If you’ve been working with Ollama for running large language models, you might have wondered about parallelism and how to get the most performance out of your setup. I recently went down this rabbit hole myself while building a translation service, and I thought I’d share what I learned.

So, Does Ollama Use Parallelism Internally?

This was my first question too! I was running translation tasks on both V100 and H100 GPUs and was surprised to see almost identical performance. What gives?

Well, here’s what I discovered: Ollama can use parallelism, but you need to know how to configure it properly.

The Inside Scoop on Ollama’s Parallelism

As of early 2025, Ollama has come a long way with its parallelism capabilities. If you’re using version 0.1.33 or later, you have some powerful options at your fingertips.

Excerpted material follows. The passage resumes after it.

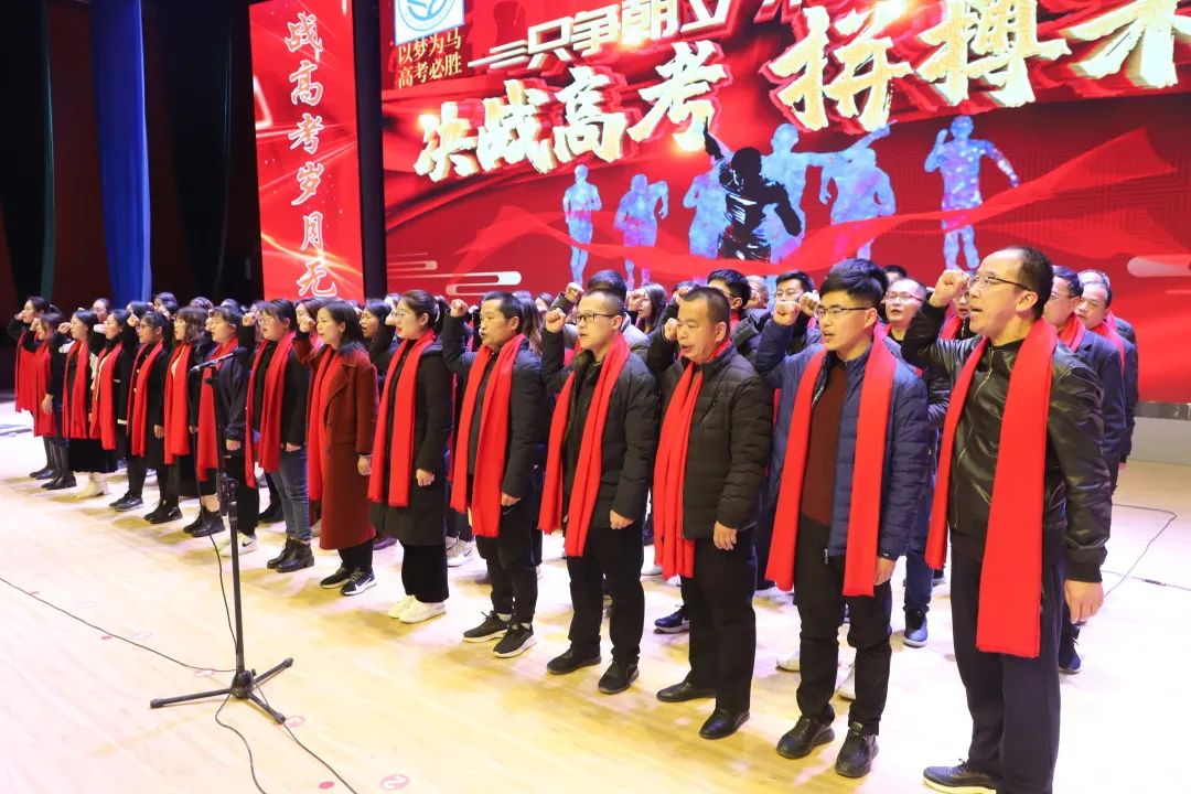 随后,在百日冲刺集体宣誓中,全体高三教师庄严宣誓,铿锵的誓言,让我们感受到老师们为学生奉献自我,陪伴学生决胜2022年高考的信心!

By default, Ollama will automatically choose between handling 1 or 4 parallel requests per model, depending on your available memory. Since version 0.2.0, this concurrency isn’t experimental anymore—it’s fully supported!

How to Configure Parallelism in Ollama

Let me share the key settings you can tweak:

  • OLLAMA_NUM_PARALLEL: This controls how many requests your model can handle at once. The default is usually 4, but it might be set to 1 if your system is limited on memory.
  • OLLAMA_MAX_LOADED_MODELS: This determines how many different models you can have loaded at the same time. By default, it’s 3 times your GPU count (or just 3 if you’re running on CPU).
  • OLLAMA_MAX_QUEUE: This sets how many requests can wait in line before Ollama starts rejecting new ones. The default is 512, which is plenty for most use cases.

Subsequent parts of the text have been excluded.